Heat the oil in a large nonstick fry pan over high heat. Add the garlic ad onion and stir-fry for 30 seconds. Remove beef from marinade and stir-fry until just done, 3 to 4 minutes. Remove from heat.
Divide the beef topping among the bowls and garnish each with shallots, peanuts, and cilantro. Invite each guest to drizzle on 3 to 4 T of the Vietnamese dipping sauce. Have them toss the noodles several times with chopsticks to blend the ingredients.
1 cup vegetable oil
1 cup thinly sliced shallots
Line a cookie tray with paper towels and spread the shallots on top. Let sit for 15 to 20 mins to air dry. (This technique helps make the shallots crispy.) Heat the oil in a skillet over low heat. (The oil is ready when a piece of shallot slowly bubbles and floats to the top.) Add the shallots and using chopsticks or a small spatula, stir the shallots so the do not tangle. Fry the shallots until golden, about 5 mins. With a slotted spoon or skimmer, remove the shallots and drain on paper towels. Save the oil for another use. When the shallots are cool, transfer to a glass jar with a tight-fitting lid. They keep at room temperature for 2 weeks.
vietnamese dipping sauce
2 small cloves garlic, sliced
1 tsp ground chili paste
1 fresh thai bird chili, chopped (optional)
1/4 cup fish sauce
2/3 cup hot water
2 T fresh lime juice with pulp
1/4 cup sugar
2 T shredded carrots for garnish
Place garlic, chili paste in a mortar. With a pestle, pound into a paste. If you do not have a mortar and pestle, finely mince the garlic and chili.

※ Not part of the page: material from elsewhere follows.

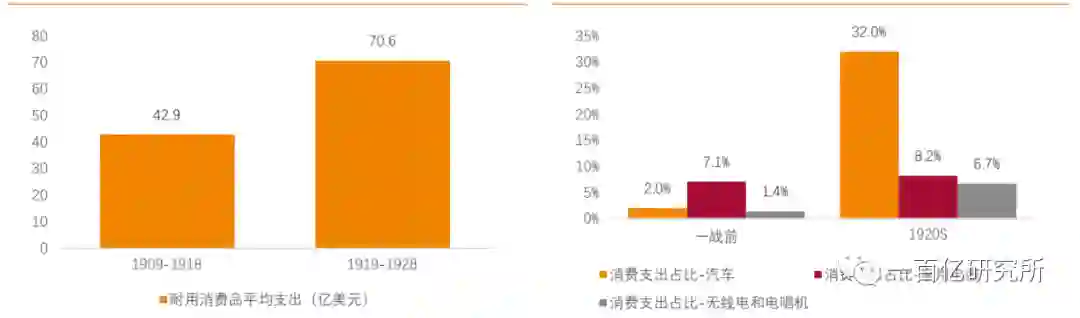 工业经济发展使得可供消费商品种类、数量提升,“收入上涨”+“消费信贷”驱动购买力上升,“能买到”+“有能力买”共同催动耐用消费品消费热潮,汽车、无线电、家用电器等耐用品消费量大涨。

Combine the garlic mixture with the remaining ingredients in a small mixing bowl. Stir until the sugar has dissolved. Ladle sauce into serving bowls and float the carrot slivers on top.
Putting it all together:
Instead of the Vietnamese Dipping Sauce, I use the Ginger-Lime one above at top. I chopped everything in the G-L Dipping Sauce, but then pulse it in the food processor. From there, it goes into a jar. Since rice noodles are only slightly more forgiving than pasta made of wheat, I cut the amount for my serving in half. Sherry boils the noodles, removes them from the water, and dries them on paper towels. If very tangled, she uses scissors to cut them into bunches, separates the strands with her fingers, and strews them over the lettuce in the bowl.

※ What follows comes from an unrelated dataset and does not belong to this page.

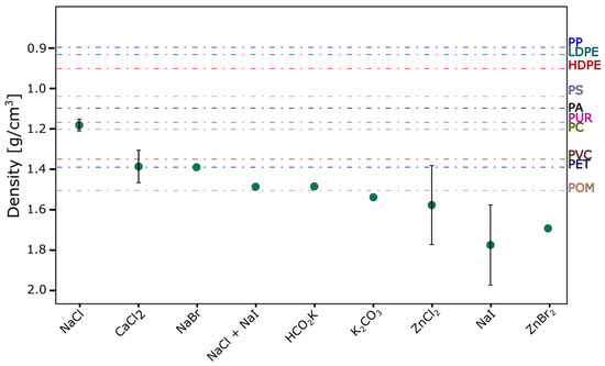 The applicability of saturated salt solutions in the process of density separation of microparticles of individual plastics. Plastics with a density lower than the density of the salt flow to its surface [103]. PP—polypropylene, LDPE—low-density polypropylene, HDPE—high-density polyethylene, PS—polystyrene, PA—polyamide, PUR—polyurethane, PC—polycarbonate, PVC—polyvinyl chloride, PET—polyethylene terephthalate, POM—polyoxymethylene.

I am renouncing red beef — in fact, most meat — for the time being, but I’ve followed the directions to the letter and the result has been wonderful. Instead of meat, I am going to substitute shrimps or prawns, perhaps scallops, maybe even a small bit of grilled salmon.

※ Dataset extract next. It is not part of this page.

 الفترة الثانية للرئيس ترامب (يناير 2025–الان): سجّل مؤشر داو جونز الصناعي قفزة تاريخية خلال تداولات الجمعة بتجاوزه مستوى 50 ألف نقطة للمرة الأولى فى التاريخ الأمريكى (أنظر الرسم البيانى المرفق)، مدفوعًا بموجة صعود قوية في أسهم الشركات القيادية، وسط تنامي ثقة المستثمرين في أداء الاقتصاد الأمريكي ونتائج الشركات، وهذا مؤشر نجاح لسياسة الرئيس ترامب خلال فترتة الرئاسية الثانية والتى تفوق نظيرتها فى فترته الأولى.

The fried shallots are a great garnish to have on hand. However, they, too, will be used sparingly for the next while.
I could live on this salad for most of the year. It’s that good and simple. It requires assembly, which is always a little tedious, but the results are very satisfying. Now that I think of it, Mai Pham’s book has quite a few recipes that I’ll be trying while I shed a little extra weight.